*GOAL OF THE EXERCISE:* Pictures excluded, retype the lines from the one containing "Roman Empire, AR" through the last line of the data below, both included.

*DATA SHOWN:*
───

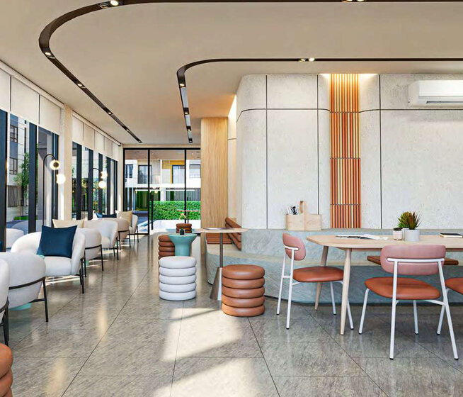 В основе архитектурного облика — конструкции, часть из которых возведена не под прямым углом. Фасады преимущественно серого и белого цветов с асимметричными акцентами. В Chapter One All Ramintra войдут 3 корпуса высотой 8 этажей, на крыше одного из них появится общественная территория с открытым бассейном. Общее число апартаментов в комплексе — 624. Клиентам предлагаются 1–2-комнатные варианты планировок, площадью от 24 до 39,8 м². На этапе строительства купить апартаменты в Chapter One All Ramintra можно по выгодной цене.
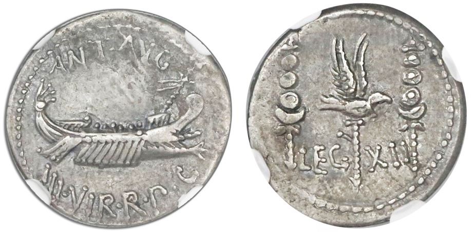 Roman Empire, AR denarius, Marc Anthony (died 30 BC), 32-31 BC, legion XII, military mint traveling with Marc Anthony, NGC Ch VF, strike 5/5, surface 3/5. Crawford-544/2; Sydenham-1230; RSC-41. 3.29 grams. Galley right, with filleted sceptre on prow / Eagle between two standards, below LEG XII. NGC #4283956-004.
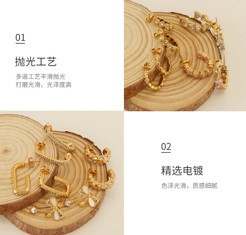 Cruz-frontera nuevo acero inoxidable 18K Luz de lujo pendientes de diamantes hembra nicho europeo y americano personalizado pendientes de diseño al por mayor
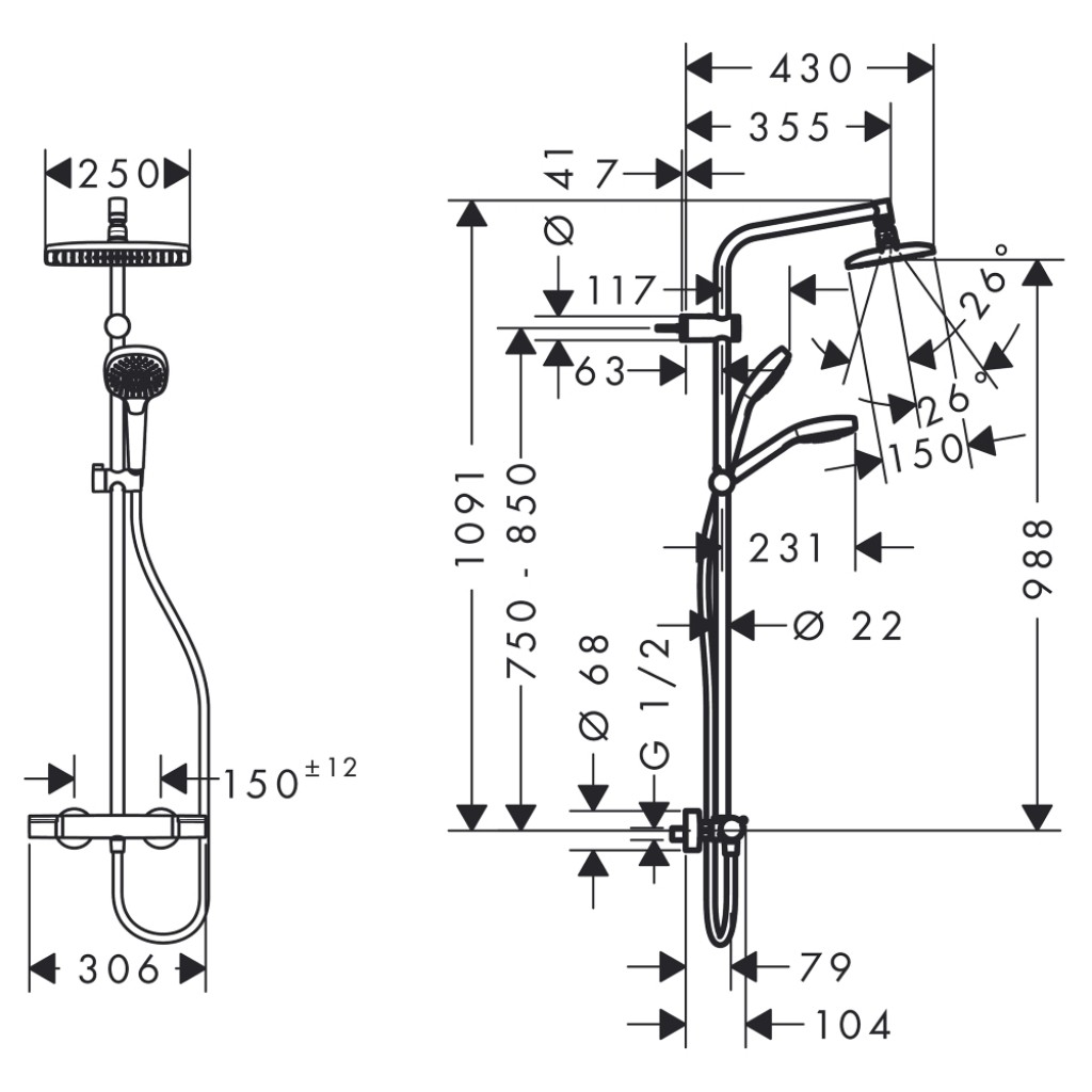 ДУШЕВАЯ СИСТЕМА HANSGROHE MY SELECT SHOWERPIPE 26764400

───

*RESPONSE TO THIS EXERCISE:*
 Roman Empire, AR denarius, Marc Anthony (died 30 BC), 32-31 BC, legion XII, military mint traveling with Marc Anthony, NGC Ch VF, strike 5/5, surface 3/5. Crawford-544/2; Sydenham-1230; RSC-41. 3.29 grams. Galley right, with filleted sceptre on prow / Eagle between two standards, below LEG XII. NGC #4283956-004.
 Cruz-frontera nuevo acero inoxidable 18K Luz de lujo pendientes de diamantes hembra nicho europeo y americano personalizado pendientes de diseño al por mayor
 ДУШЕВАЯ СИСТЕМА HANSGROHE MY SELECT SHOWERPIPE 26764400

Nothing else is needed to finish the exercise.